FAR ABOVE THE CLOUDS
When Pure Reason Revolution announced their return in 2019, mainstays Chloë Alper and Jon Courtney had no idea how unrecognisable life would soon become. Their latest album, Above Cirrus, explores a brave new world and finds the band revisiting their Floyd-infused past. Alper and Courtney discuss parallel universes, silencing critics and expanding their horizons.
Words: James McNair
PRR, L-R: Chloë Alper, Greg Jong, Jon Courtney.
Images: Greg Jong
“Pink Floyd did fine without Roger Waters, and when Brian Wilson stayed in the studio The Beach Boys were still out touring.”
Jon Courtney
To borrow from Sly Stone, Pure Reason Revolution’s fifth LP wants to take you higher. Above Cirrus, in fact, cirrus being the kind of cloud that forms at considerable altitude. Made during lockdown after Covid rules nixed the band’s tour for their lauded 2020 comeback Eupnea, the follow-up album hungers for escape. Alive with sinewy riffs, Floydian tics and breathtaking passages of almost choral prog, it’s also a dark meditation on the fear and personal challenges wrought by the pandemic, and other radical changes in our world.

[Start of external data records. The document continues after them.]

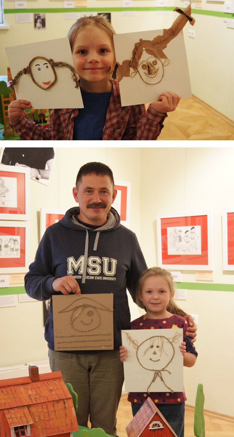 А потом мы рисуем портреты Пеппи Длинныйчулок. Такую необычную девочку можно рисовать только с помощью необычных материалов. Поскольку папа Пеппи был капитаном корабля, мы предлагаем посетителям использовать веревки разной длины и фактуры. Самое интересное, что все Пеппи так или иначе похожи на своих создателей. Родители тоже с удовольствием включаются в процесс. Папа одной девочки даже сделал портрет Эфраима Длинныйчулок, папы Пеппи.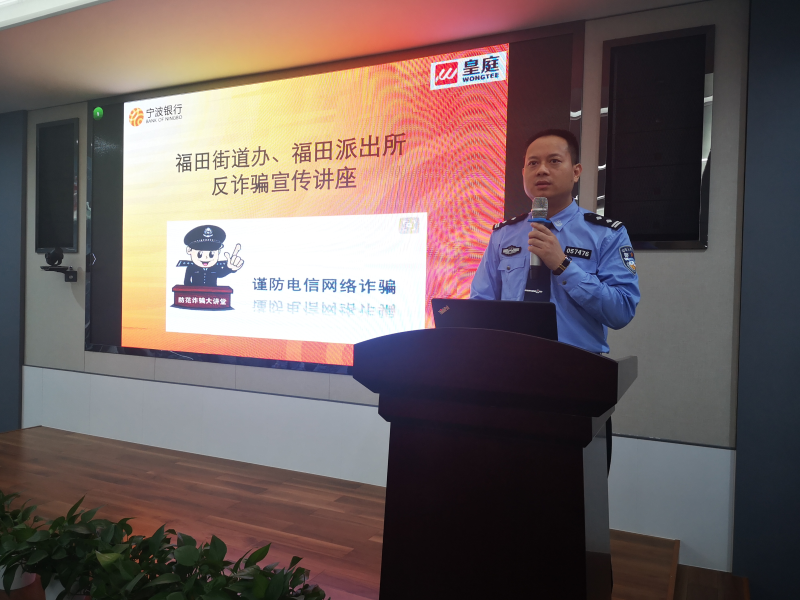 深圳新聞網(wǎng)訊 近年來,信息詐騙案件多發(fā),詐騙分子手段層出不窮,不僅給廣大市民造成了財產(chǎn)損失,更加將社會的反詐騙宣傳教育工作推向重要位置。為了普及廣大金融消費者的反詐騙知識,同時讓知識宣傳更接地氣,近日,寧波銀行深圳分行攜手深圳福田街道辦、福田派出所對皇庭中心大廈100多位商戶代表,開展了一場教育意義深刻的反詐騙知識講座。福田區(qū)副所長羅躍、福田派出所社區(qū)隊隊長莫予寶、福田街道辦政法辦主任馬建忠、皇庭物業(yè)總經(jīng)理吳海兵、寧波銀行深圳分行監(jiān)察保衛(wèi)部副總經(jīng)理陳久桐等9位警銀領導代表出席了本次活動。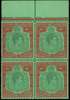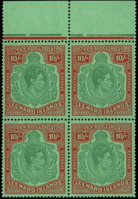 1943 (Dec.) 10/- green and red on green paper top marginal block of four, #3-16, HPFs #4 and 15a. Unmounted o.g. SG 113c, £600

“Making it was cathartic, certainly,” says singer-guitarist Jon Courtney. “A lot of the writing on Above Cirrus concerns relationships; how we can be loving, then rip into each other moments later. The first song I worked on was New Kind Of Evil, and at that point I really felt the virus was something more than just unfortunate. I had this strange, apocalyptic sense of ‘we’re all going to die’.”
This was back in April 2020, while Courtney was in Berlin, his adopted home of recent years. Back in Blighty, meanwhile, PRR singer and bassist Chloë Alper was also feeling antsy.